Leaving every picture out, repeat all of the entries below exactly.

▶ RECORDED DATA
------------
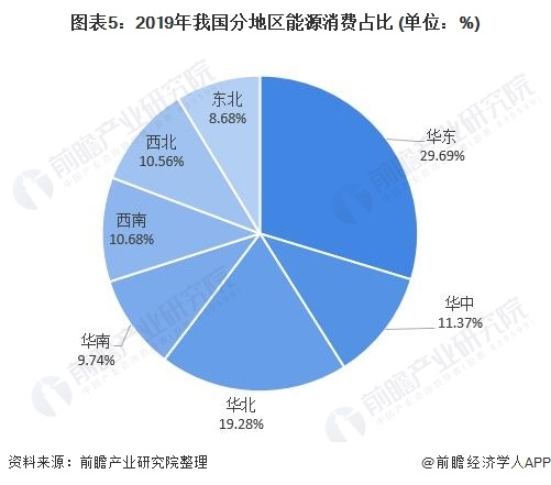 但經(jīng)濟發(fā)達的背后意味著高占比的能源消耗,根據(jù)2020年國家能源統(tǒng)計年鑒所披露的相關信息,我國2019年華東地區(qū)總能源消費占比達29.69%,是我國七大地區(qū)中能源消費量最多的地區(qū)。
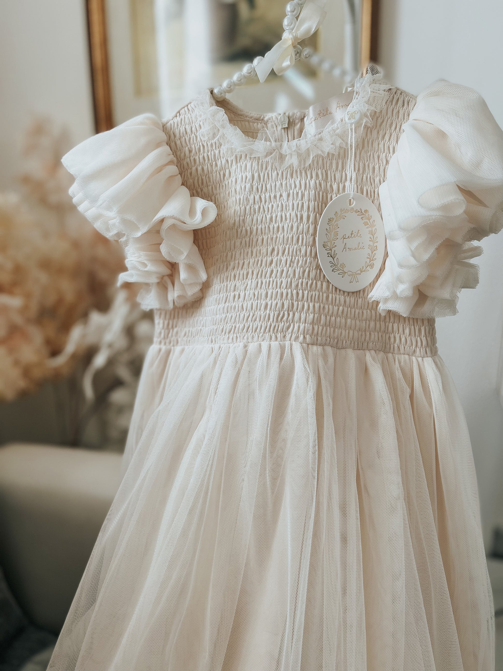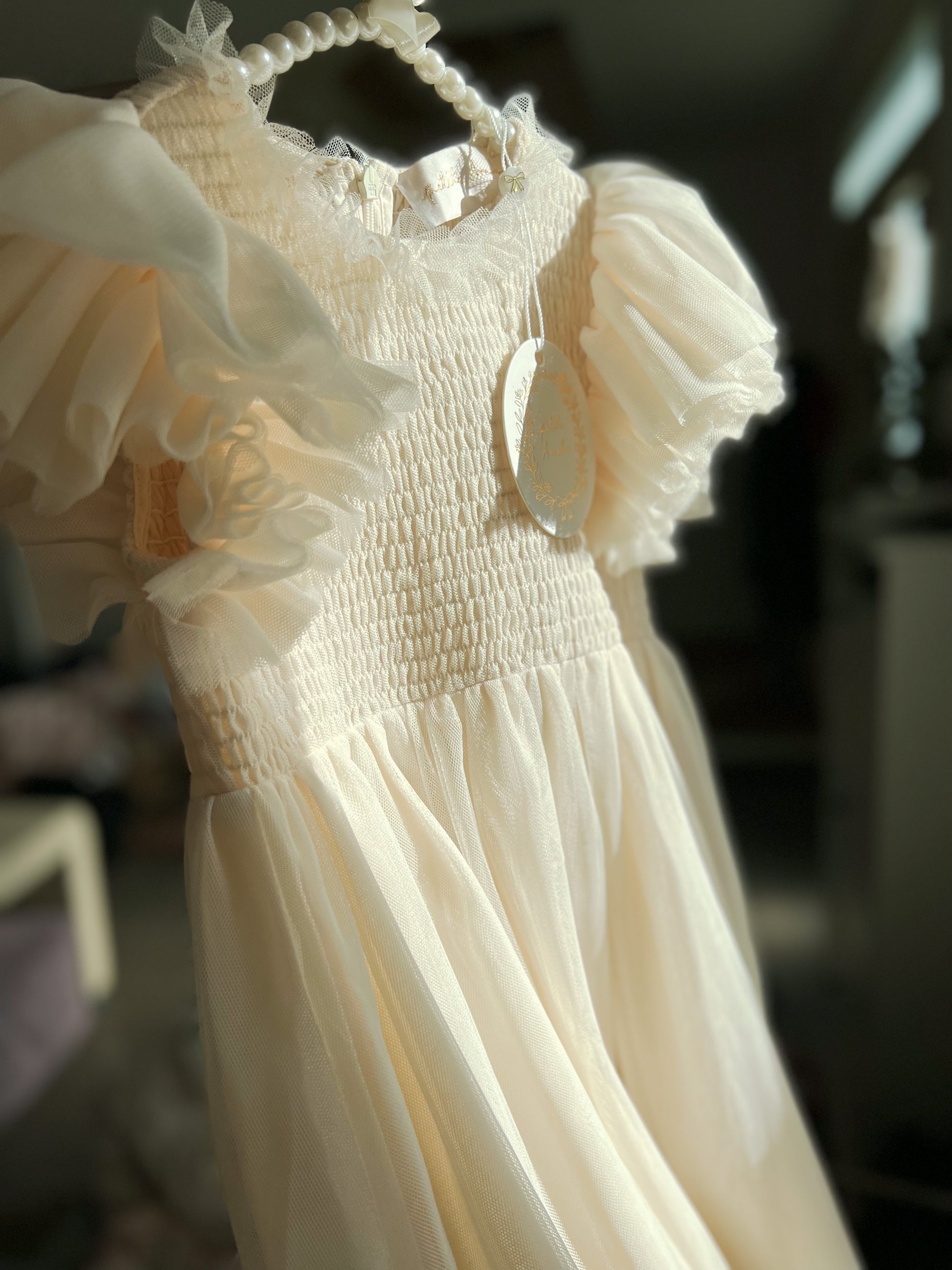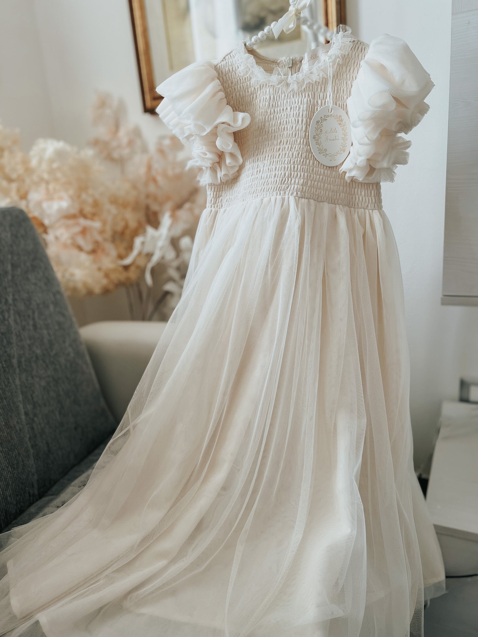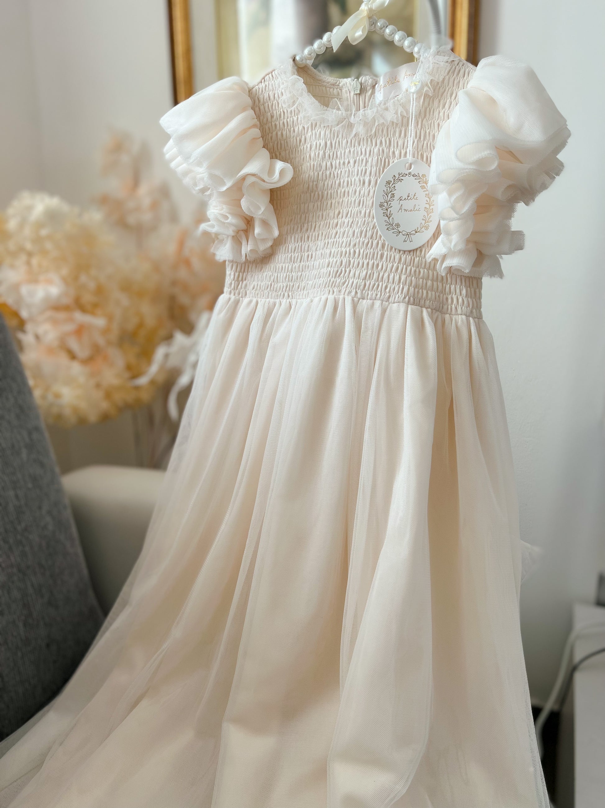 Fustan i gjate me extra gjatesi prej tyli te bute, ngjyre pana
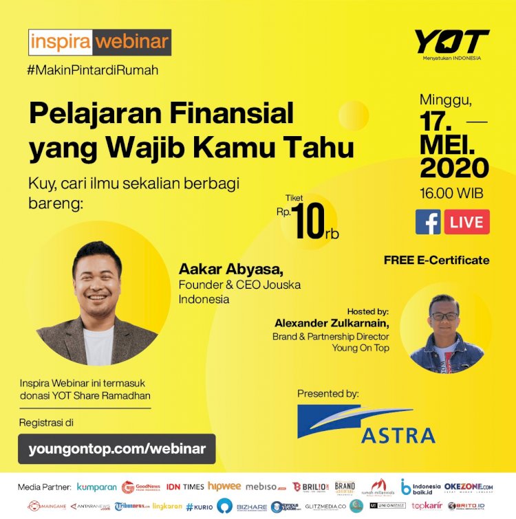 Emangnya pelajaran finansial apa aja sih yang wajib kita tau? Yuk belajar sama ahlinya di Inspira Webinar #MakinPintardiRumah presented by Astra: ‘Pelajaran Finansial yang Wajib Kamu Tahu’ bareng Aakar Abyasa, Founder & CEO Jouska Indonesia, hari Minggu, 17 Mei 2020, pukul 16.00 WIB. Ini dia detail acaranya:
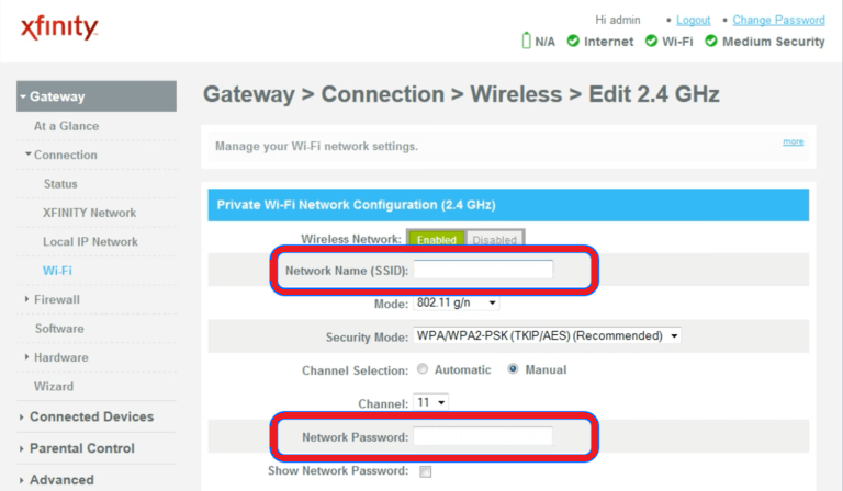Once logged in, go to Wi-Fi settings, however on some router models it may be Wireless Settings, here you can change the network name (SSID) and password.
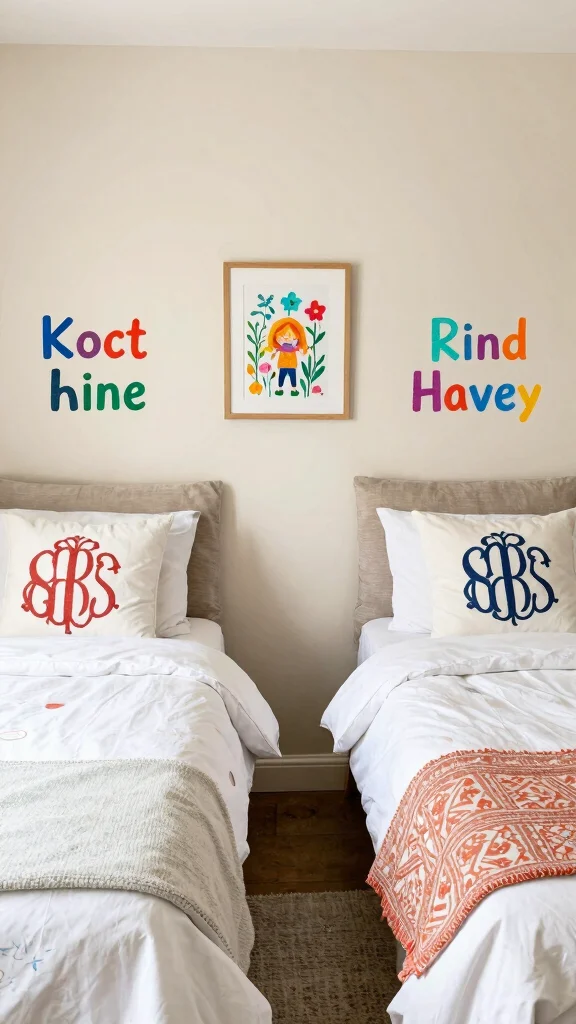 This approach encourages harmony in shared spaces and makes everyone feel included. Consider using removable decals with each child’s name above their bed or creating a joint art piece that represents their shared interests.
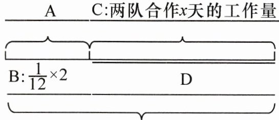 7. 一道条件缺失的问题情境:一项工程,甲队单独做需要12天完成……还需要几天完成任务。根据标准答案,老师在黑板上画出线段示意图(如图),设两队合作还需x天完成任务,并列方程为$\frac{1}{12}×2 + (\frac{1}{8} + \frac{1}{12})x = 1$。根据以上信息,下列结论不正确的是(
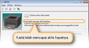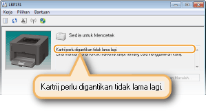 Anda boleh terus mencetak apabila mesej ini dipaparkan, tetapi kualiti cetakan mungkin merosot. Melakukan demikian juga mungkin mengakibatkan kerosakan pada mesin.
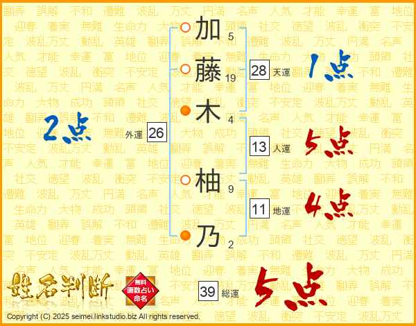 加(5画)藤(19画)木(4画) 柚(9画)乃(2画)
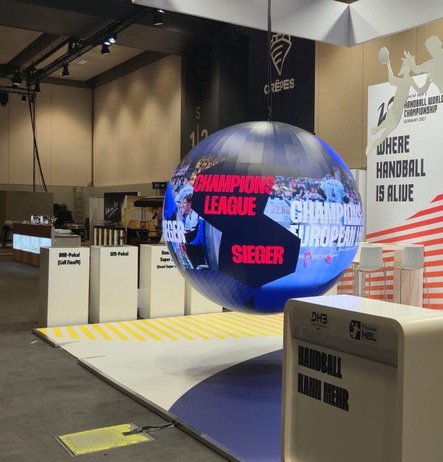 Derse übersetzte die Verbindung von Liga und Verband gestalterisch in eine gemeinsame Markenwelt. Die kreative Leitidee inszeniert Handball als dynamisches Ökosystem – emotional aufgeladen und technologisch vernetzt, als Plattform für Dialog und Kooperation. Die zentrale LED-Sphere mit zwei Metern Durchmesser fungiert dabei als immersives Zentrum und bringt Geschwindigkeit, Emotionalität und internationale Strahlkraft des Handballs räumlich auf den Punkt.
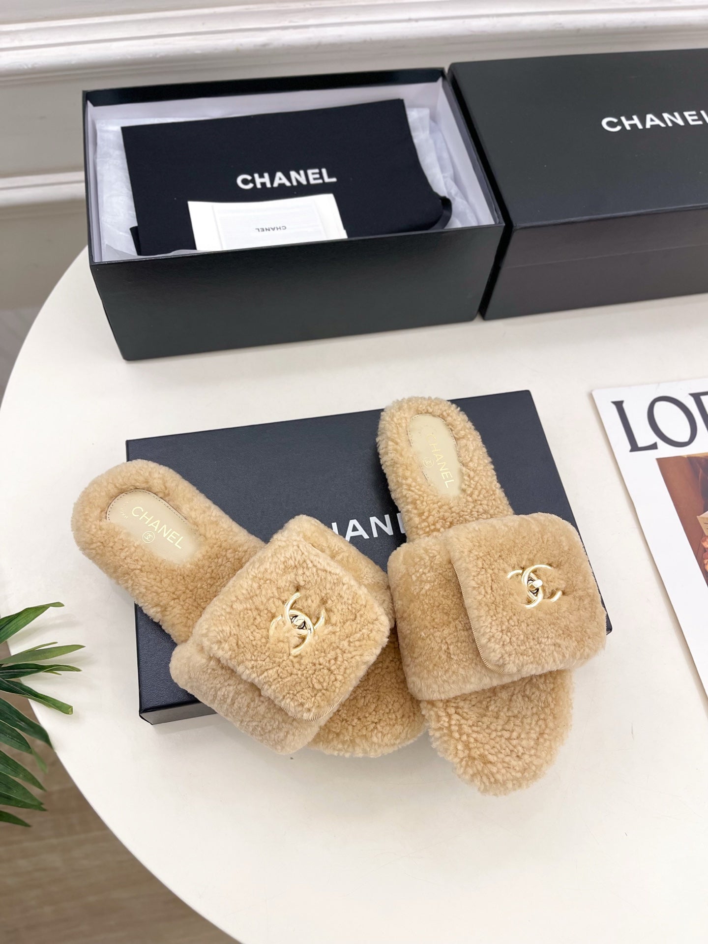 CC 25s Logo Slippers 50mm Beige Wool GHW 435264
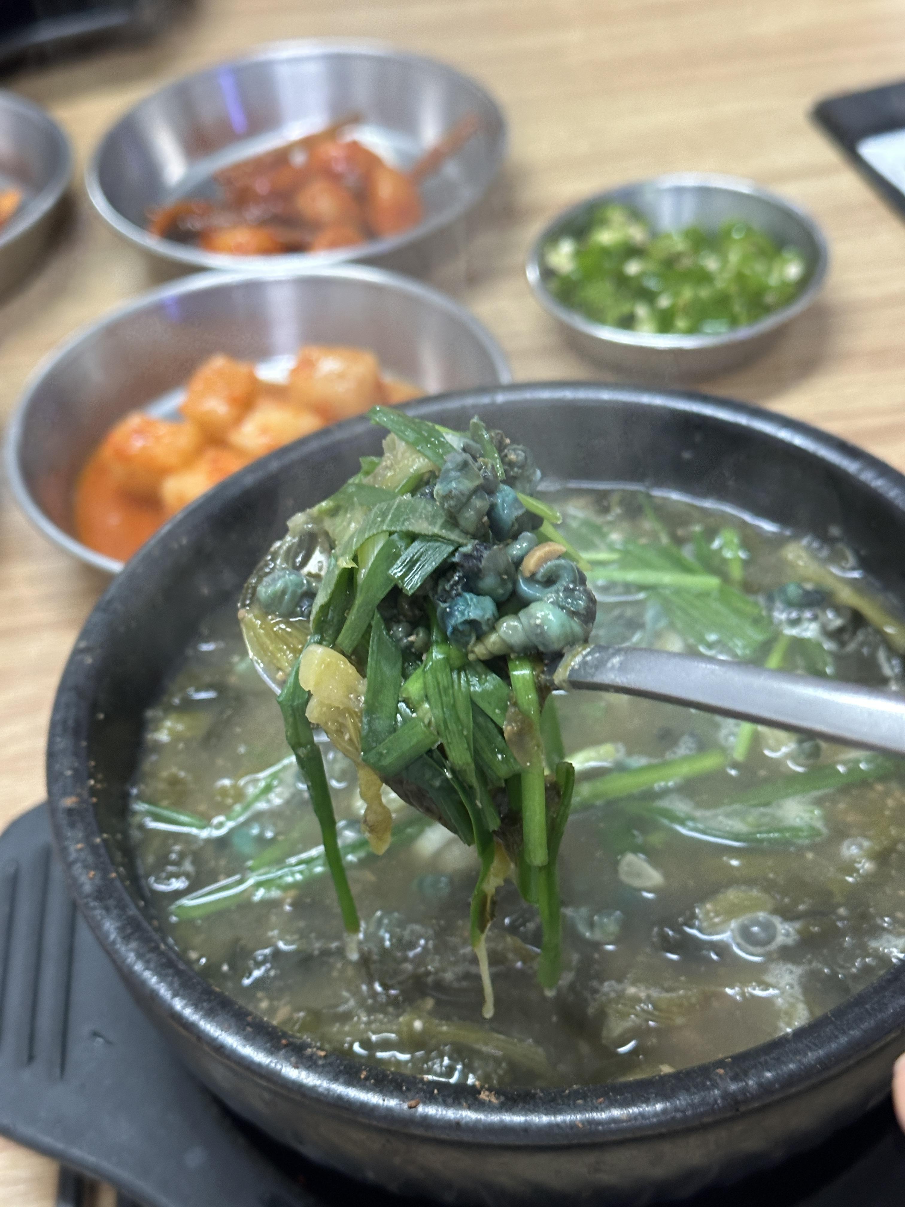 까먹는 다슬기 ... 하루 한정수량이라 인원 좀 더 있었으면 먹고싶었어요 ㅋㅋ 어릴땐 진짜 개울에서 주워와서 삶아먹고 했던 그런건데 ㅋㅋㅋㅋ 그... 그만해!!
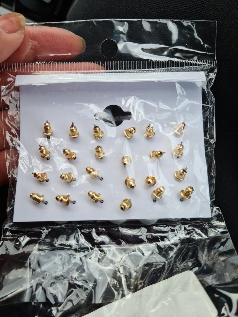 Plastic earring which is good if ur allergic to the others some of the holes had to be pushed through a bit more
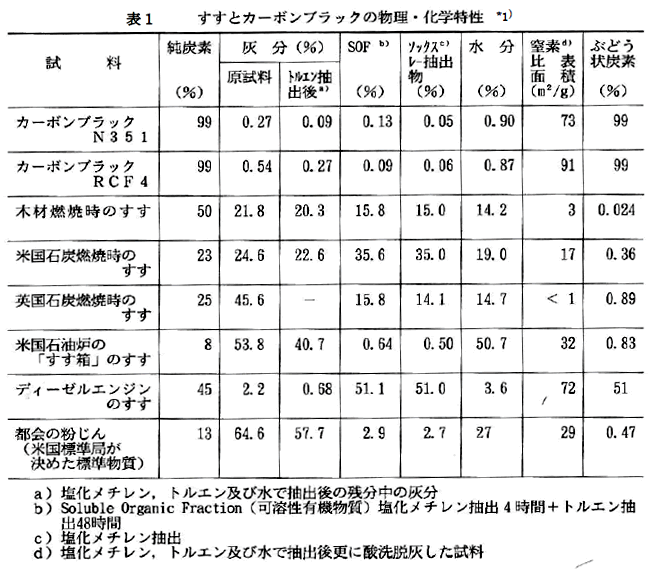 人間活動に伴う煤には、非意図的に生成・排出されるものと意図的に製造される煤(工業製品とする為、管理した条件で製造する煤)が有る(図1参照)。この内、非意図的に排出する煤は、健康に害悪も懸念される灰分・未反応油分及び付着分子等が多い、自動車排ガス・工場煤煙は、この中に含まれる(表1 SOF ソックスレー抽出物)。一方、意図的に製造される煤・カーボンブラック(以後、図1に示すファーネス法・アセチレン法等現在多量に生産されている工業的煤をカーボンブラックと表記する)は、グラファイトと同様な構造を持つ安定した炭素分が主体である(表1純炭素参照)。
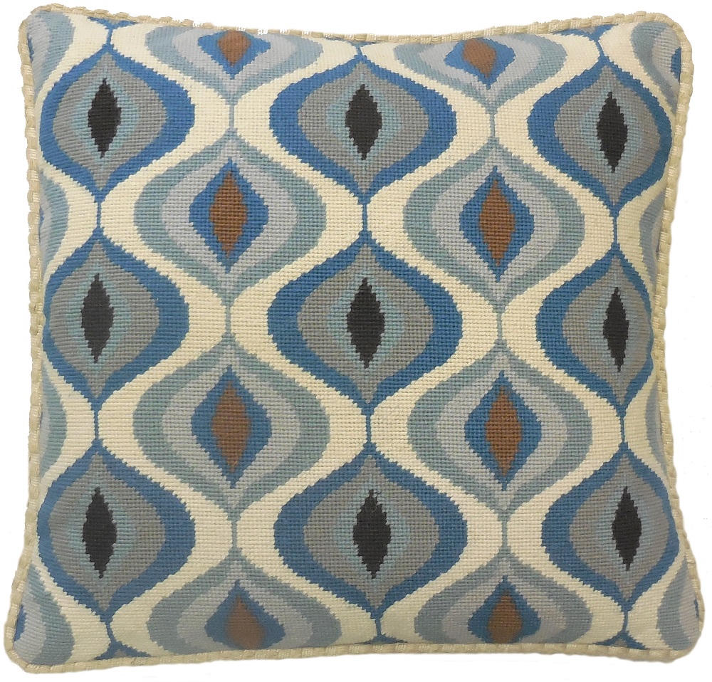 At first glance, you might not notice the complexity of this needlepoint pillow due to the muted blue tones, but upon closer observation, you can really notice the beauty, shape, and movement created by the contrast of dark and light nude tones as well as pops of beige, and by the sleek curves of the lines. This pillow will add movement and life to any room in your home. (19”x19”)
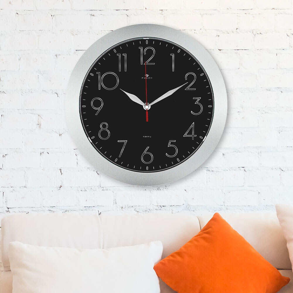 Часы подойдут для размещения в гостиной, спальне, кухне или офисе. Благодаря строгому дизайну и контрастному сочетанию цветов они вписываются в различные стили интерьера — от классики до лофта. Кварцевый механизм обеспечивает надёжность и точность хода без постоянной корректировки. Простота монтажа позволяет быстро повесить часы на стену — без дополнительных инструментов и сложных установок.
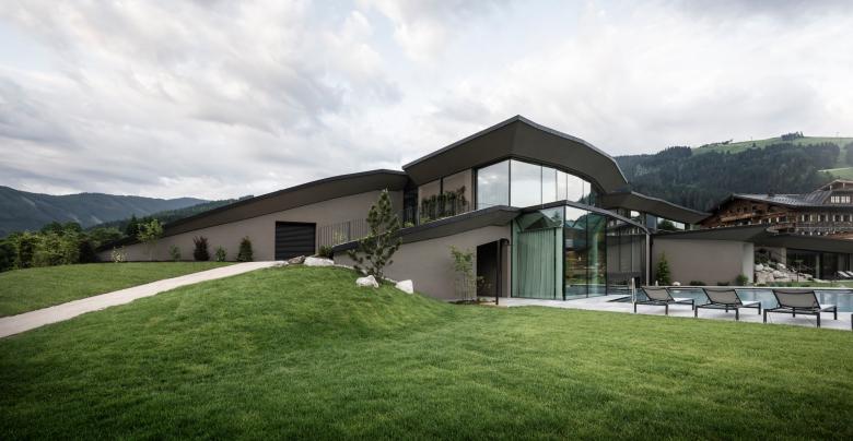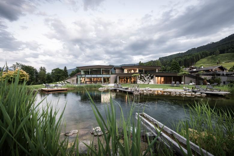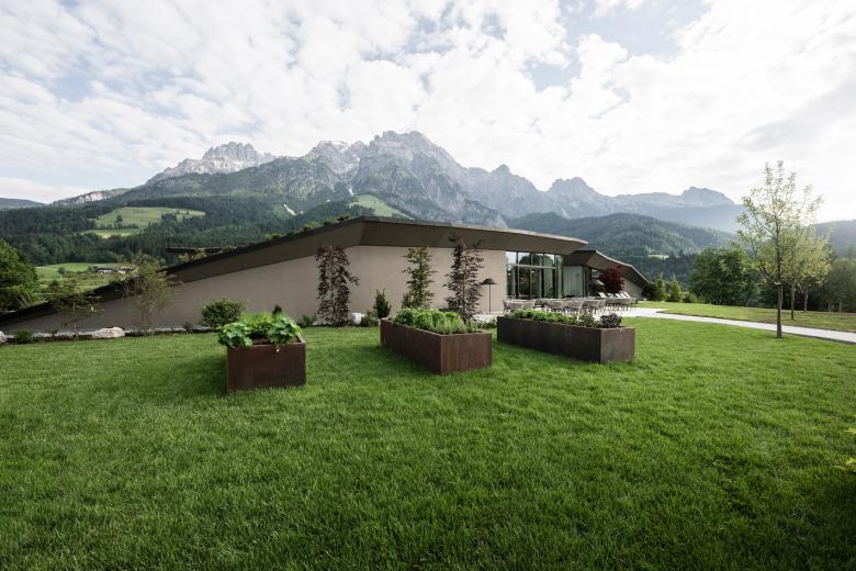A breathtaking mountain backdrop, lush green meadows, a small lake and plenty of fresh air: All of this makes the Puradies nature resort in Leogang in Salzburger Land a haven of vitality, which NOA has expanded with the new spa themed around the elements of fire, water, earth and air.
------------
▶ RESPONSE TO THIS EXERCISE
 但經(jīng)濟發(fā)達的背后意味著高占比的能源消耗,根據(jù)2020年國家能源統(tǒng)計年鑒所披露的相關信息,我國2019年華東地區(qū)總能源消費占比達29.69%,是我國七大地區(qū)中能源消費量最多的地區(qū)。
 Fustan i gjate me extra gjatesi prej tyli te bute, ngjyre pana
 Emangnya pelajaran finansial apa aja sih yang wajib kita tau? Yuk belajar sama ahlinya di Inspira Webinar #MakinPintardiRumah presented by Astra: ‘Pelajaran Finansial yang Wajib Kamu Tahu’ bareng Aakar Abyasa, Founder & CEO Jouska Indonesia, hari Minggu, 17 Mei 2020, pukul 16.00 WIB. Ini dia detail acaranya:
Once logged in, go to Wi-Fi settings, however on some router models it may be Wireless Settings, here you can change the network name (SSID) and password.
 This approach encourages harmony in shared spaces and makes everyone feel included. Consider using removable decals with each child’s name above their bed or creating a joint art piece that represents their shared interests.
 7. 一道条件缺失的问题情境:一项工程,甲队单独做需要12天完成……还需要几天完成任务。根据标准答案,老师在黑板上画出线段示意图(如图),设两队合作还需x天完成任务,并列方程为$\frac{1}{12}×2 + (\frac{1}{8} + \frac{1}{12})x = 1$。根据以上信息,下列结论不正确的是(
 Anda boleh terus mencetak apabila mesej ini dipaparkan, tetapi kualiti cetakan mungkin merosot. Melakukan demikian juga mungkin mengakibatkan kerosakan pada mesin.
 加(5画)藤(19画)木(4画) 柚(9画)乃(2画)
 Derse übersetzte die Verbindung von Liga und Verband gestalterisch in eine gemeinsame Markenwelt. Die kreative Leitidee inszeniert Handball als dynamisches Ökosystem – emotional aufgeladen und technologisch vernetzt, als Plattform für Dialog und Kooperation. Die zentrale LED-Sphere mit zwei Metern Durchmesser fungiert dabei als immersives Zentrum und bringt Geschwindigkeit, Emotionalität und internationale Strahlkraft des Handballs räumlich auf den Punkt.
 CC 25s Logo Slippers 50mm Beige Wool GHW 435264
 까먹는 다슬기 ... 하루 한정수량이라 인원 좀 더 있었으면 먹고싶었어요 ㅋㅋ 어릴땐 진짜 개울에서 주워와서 삶아먹고 했던 그런건데 ㅋㅋㅋㅋ 그... 그만해!!
 Plastic earring which is good if ur allergic to the others some of the holes had to be pushed through a bit more
 人間活動に伴う煤には、非意図的に生成・排出されるものと意図的に製造される煤(工業製品とする為、管理した条件で製造する煤)が有る(図1参照)。この内、非意図的に排出する煤は、健康に害悪も懸念される灰分・未反応油分及び付着分子等が多い、自動車排ガス・工場煤煙は、この中に含まれる(表1 SOF ソックスレー抽出物)。一方、意図的に製造される煤・カーボンブラック(以後、図1に示すファーネス法・アセチレン法等現在多量に生産されている工業的煤をカーボンブラックと表記する)は、グラファイトと同様な構造を持つ安定した炭素分が主体である(表1純炭素参照)。
 At first glance, you might not notice the complexity of this needlepoint pillow due to the muted blue tones, but upon closer observation, you can really notice the beauty, shape, and movement created by the contrast of dark and light nude tones as well as pops of beige, and by the sleek curves of the lines. This pillow will add movement and life to any room in your home. (19”x19”)
 Часы подойдут для размещения в гостиной, спальне, кухне или офисе. Благодаря строгому дизайну и контрастному сочетанию цветов они вписываются в различные стили интерьера — от классики до лофта. Кварцевый механизм обеспечивает надёжность и точность хода без постоянной корректировки. Простота монтажа позволяет быстро повесить часы на стену — без дополнительных инструментов и сложных установок.
A breathtaking mountain backdrop, lush green meadows, a small lake and plenty of fresh air: All of this makes the Puradies nature resort in Leogang in Salzburger Land a haven of vitality, which NOA has expanded with the new spa themed around the elements of fire, water, earth and air.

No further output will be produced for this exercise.